Genjot Sumur Eksisting, Produksi Minyak 1 Juta Barel Dipercepat
A
A
A
JAKARTA - Menteri Koordinator Bidang Kemaritiman dan Investasi Luhut Binsar Pandjaitan meminta target produksi 1 juta barel minyak yang awalnya diproyeksikan tercapai pada 2030 mendatang dipercepat menjadi 2025. Percepatan tersebut untuk menekan defisitneraca perdagangan dari impor migas.
“Target mau 1 juta barel, kami mau tahunnya dipercepat, ya mereka masih bilang sampai 2030. Saya bilang tidak mau, dipercepat jadi 2025. Kan bagus untuk mengurangi impor energi,” ujar Luhut di Jakarta, kemarin.
Menurut dia, peningkatan produksi minyak tersebut bisa dilakukan dengan menggenjot produksi sumur-sumur eksisting dengan metode Enhanched Oil Recovery (EOR). Luhut mengatakan, terdapat 23 sumur eksisting yang berpotensi untuk menambah kenaikan produksi dengan memaksimalkan penggunaan metode EOR. “Itu eksistingkan namanya EOR. Sumur-sumur lama ini kan ada yang bisa EOR,” kata dia.

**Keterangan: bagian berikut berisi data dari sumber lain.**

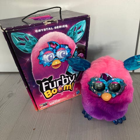 Furby Original Elektronisk Legetøj i blå farve med blødt plys og plastikdetaljer. Produktet har øjne, ører og hale, og er designet til interaktiv leg. Drevet af batterier (ikke inkluderet). Den er fra årgang 2012. Virker ikke mere selv med batterier i

Tidak hanya itu, pihaknya juga mendorong Kontraktor Kontrak Kerjasama (KKKS) lebih agresif meningkatkan produksi melalui kegiatan eksplorasi blok-blok migas yang baru. Hal itu diyakini efektif untuk mempercepat target 1 juta barel. “Selain eksisting juga sambil eksplorasi sumur baru,” kata dia.
Untuk mempercepat target produksi 1 juta barel tersebut, Luhut dalam waktu dekat akan mengumpulkan stake holder terkait. Komisaris Utama PT Pertamina (Persero) Basuki Tjahaja Purnama alias Ahok mengatakan, percepatan produksi 1 juta barel penting dilakukan untuk menekan impor.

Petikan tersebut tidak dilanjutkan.